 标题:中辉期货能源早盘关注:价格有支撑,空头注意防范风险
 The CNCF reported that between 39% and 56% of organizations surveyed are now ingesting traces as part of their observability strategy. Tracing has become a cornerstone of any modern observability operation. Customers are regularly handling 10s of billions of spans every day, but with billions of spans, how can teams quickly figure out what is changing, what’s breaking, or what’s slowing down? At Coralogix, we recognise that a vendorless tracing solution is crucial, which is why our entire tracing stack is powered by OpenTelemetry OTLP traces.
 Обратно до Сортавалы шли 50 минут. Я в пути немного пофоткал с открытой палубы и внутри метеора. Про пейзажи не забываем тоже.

☆ ☆ ☆ ☆

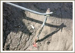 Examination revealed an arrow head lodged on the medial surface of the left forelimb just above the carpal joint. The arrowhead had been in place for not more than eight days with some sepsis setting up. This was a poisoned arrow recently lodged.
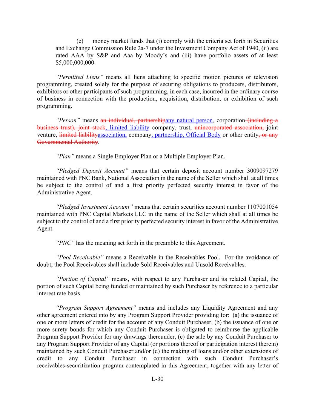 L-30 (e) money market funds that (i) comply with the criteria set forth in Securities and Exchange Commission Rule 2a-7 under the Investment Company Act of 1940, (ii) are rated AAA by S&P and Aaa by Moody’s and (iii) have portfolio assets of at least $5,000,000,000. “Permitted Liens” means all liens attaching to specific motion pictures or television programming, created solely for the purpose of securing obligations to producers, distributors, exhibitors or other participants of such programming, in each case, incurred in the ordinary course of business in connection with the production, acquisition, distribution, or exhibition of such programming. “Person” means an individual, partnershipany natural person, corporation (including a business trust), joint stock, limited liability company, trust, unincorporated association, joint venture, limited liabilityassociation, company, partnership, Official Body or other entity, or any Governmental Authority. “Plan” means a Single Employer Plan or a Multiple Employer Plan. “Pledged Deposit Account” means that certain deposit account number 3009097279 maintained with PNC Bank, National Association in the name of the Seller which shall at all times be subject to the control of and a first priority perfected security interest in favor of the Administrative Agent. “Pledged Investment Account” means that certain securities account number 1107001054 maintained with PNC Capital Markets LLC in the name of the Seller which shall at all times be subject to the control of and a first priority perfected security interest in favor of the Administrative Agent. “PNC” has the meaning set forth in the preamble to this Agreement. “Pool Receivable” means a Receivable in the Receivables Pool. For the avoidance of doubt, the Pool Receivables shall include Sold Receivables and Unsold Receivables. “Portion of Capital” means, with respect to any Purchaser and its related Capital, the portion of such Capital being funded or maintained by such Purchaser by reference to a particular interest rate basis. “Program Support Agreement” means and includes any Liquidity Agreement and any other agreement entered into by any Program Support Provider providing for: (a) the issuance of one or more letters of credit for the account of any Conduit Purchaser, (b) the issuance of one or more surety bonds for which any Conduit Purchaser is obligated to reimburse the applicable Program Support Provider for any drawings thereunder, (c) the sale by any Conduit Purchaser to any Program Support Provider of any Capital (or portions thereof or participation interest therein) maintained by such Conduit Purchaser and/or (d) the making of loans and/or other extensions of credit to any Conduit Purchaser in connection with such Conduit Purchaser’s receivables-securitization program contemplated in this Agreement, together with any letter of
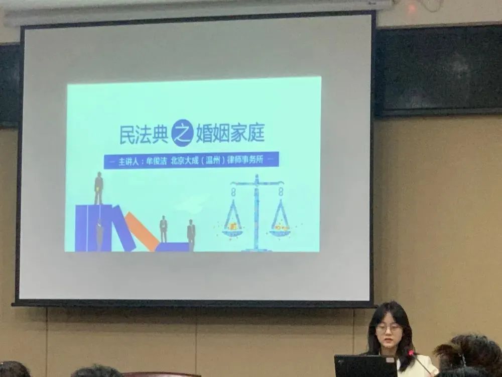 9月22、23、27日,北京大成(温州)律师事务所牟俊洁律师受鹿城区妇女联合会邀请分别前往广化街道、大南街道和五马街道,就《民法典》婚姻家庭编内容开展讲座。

☆ ☆ ☆ ☆

* **TASK INSTRUCTIONS**
What is needed is a verbatim copy of every line in the records above from the one containing "The CNCF reported" down to the one containing "Обратно до Сортавалы", both included, and nothing more.

* **RESPONSE AREA**
 The CNCF reported that between 39% and 56% of organizations surveyed are now ingesting traces as part of their observability strategy. Tracing has become a cornerstone of any modern observability operation. Customers are regularly handling 10s of billions of spans every day, but with billions of spans, how can teams quickly figure out what is changing, what’s breaking, or what’s slowing down? At Coralogix, we recognise that a vendorless tracing solution is crucial, which is why our entire tracing stack is powered by OpenTelemetry OTLP traces.
 Обратно до Сортавалы шли 50 минут. Я в пути немного пофоткал с открытой палубы и внутри метеора. Про пейзажи не забываем тоже.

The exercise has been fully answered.